AVAILABLE DATA =
---------------

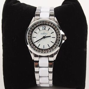 This Charles Latour Voluta II Ladies Watch features a silver bracelet with white inserts, silver case, cubic zirconia stone bezel, silver chapter ring, white Mother of Pearl dial center and blue accents. This watch is brand new, still in the box, and never opened. Includes full 1 Year Warranty direct from the Manufacturer....MSRP $395
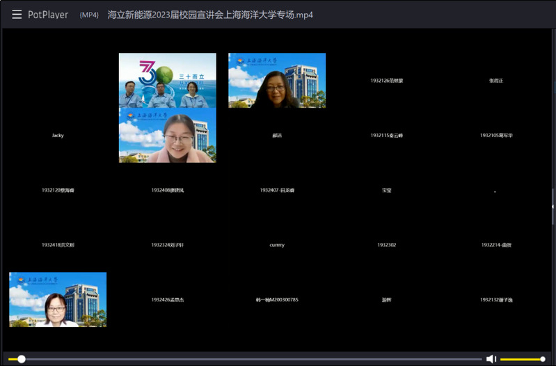11月16日下午,上海海立新能源技术有限公司2023届校园宣讲会——上海海洋大学专场在腾讯会议上如期召开。本次会议由食品学院“海燕生涯指导工作室”邓高燕老师主持,上海海立新能源技术有限公司董事、常务副总牟英涛先生、经营管理部部长周凌先生、技术项目管理部部长王智君女士、人事部资深HR姚丽娟女士和袁杰经理参加宣讲,食品学院院长谢晶教授、专业负责人王金锋老师、毕业生辅导员郝洁老师和一百多位毕业生同学共同参会。
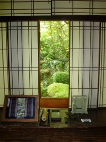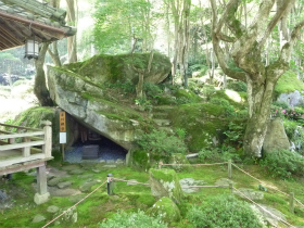 山の斜面を利用して庭がつくられており、散策路は斜面上方から庭全体を眺めながら、本堂、書院へと戻ってきます。本堂脇には、白洲さんが「古墳」と表現した「太子の説法岩」と「霊窟」を見ることができます。書院の座敷の脇には水琴窟があって、周りが非常に静かで澄み切った音色を聴くことができます。書院は江戸時代前期のヨシ葺きの建物です。庭園を見るのはやはり座敷から眺めるのが一番ですが、その中でも障子を掛け軸幅で開け放って眺める「掛け軸庭園」は趣があってぜひ見ておきたいものです。
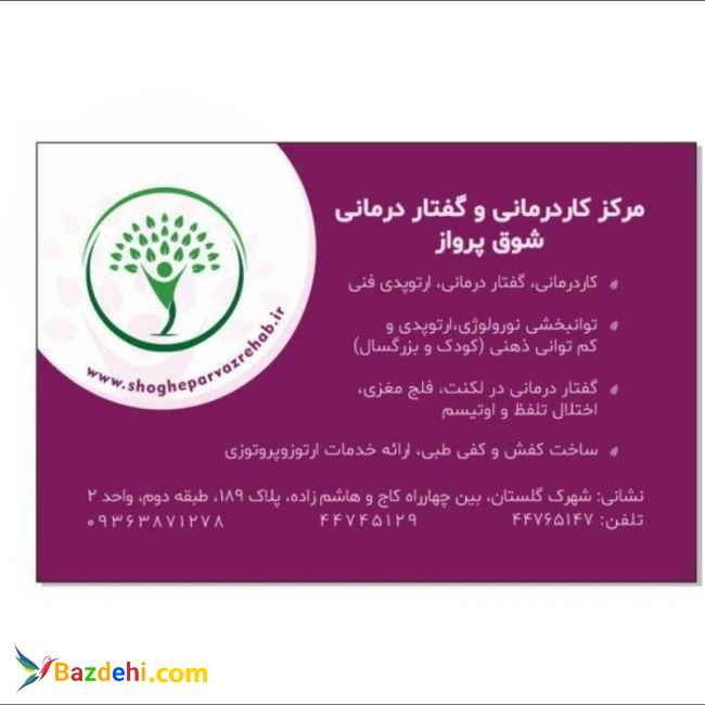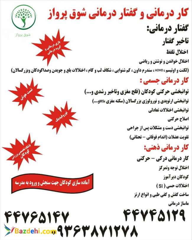 ارائه کلیه خدمات کاردرمانی جسمی کودکان(فلج مغزی.هیدروسفالی.میکروسفالی.ارب پالسی.تاخیر حرکتی.آسیب مغزی و مشکلات تعادلی و...)و بزرگسالان سکته مغزی.ام اس.پارکینسون.آسیب نخاعی.ضربه مغزی.مشکلات تعادلی و مخچه و...

---------------

REQUIREMENT = Give the preceding data back exactly, minus every picture.

SOLUTION TO THIS PROBLEM =
 This Charles Latour Voluta II Ladies Watch features a silver bracelet with white inserts, silver case, cubic zirconia stone bezel, silver chapter ring, white Mother of Pearl dial center and blue accents. This watch is brand new, still in the box, and never opened. Includes full 1 Year Warranty direct from the Manufacturer....MSRP $395
11月16日下午,上海海立新能源技术有限公司2023届校园宣讲会——上海海洋大学专场在腾讯会议上如期召开。本次会议由食品学院“海燕生涯指导工作室”邓高燕老师主持,上海海立新能源技术有限公司董事、常务副总牟英涛先生、经营管理部部长周凌先生、技术项目管理部部长王智君女士、人事部资深HR姚丽娟女士和袁杰经理参加宣讲,食品学院院长谢晶教授、专业负责人王金锋老师、毕业生辅导员郝洁老师和一百多位毕业生同学共同参会。
 山の斜面を利用して庭がつくられており、散策路は斜面上方から庭全体を眺めながら、本堂、書院へと戻ってきます。本堂脇には、白洲さんが「古墳」と表現した「太子の説法岩」と「霊窟」を見ることができます。書院の座敷の脇には水琴窟があって、周りが非常に静かで澄み切った音色を聴くことができます。書院は江戸時代前期のヨシ葺きの建物です。庭園を見るのはやはり座敷から眺めるのが一番ですが、その中でも障子を掛け軸幅で開け放って眺める「掛け軸庭園」は趣があってぜひ見ておきたいものです。
 ارائه کلیه خدمات کاردرمانی جسمی کودکان(فلج مغزی.هیدروسفالی.میکروسفالی.ارب پالسی.تاخیر حرکتی.آسیب مغزی و مشکلات تعادلی و...)و بزرگسالان سکته مغزی.ام اس.پارکینسون.آسیب نخاعی.ضربه مغزی.مشکلات تعادلی و مخچه و...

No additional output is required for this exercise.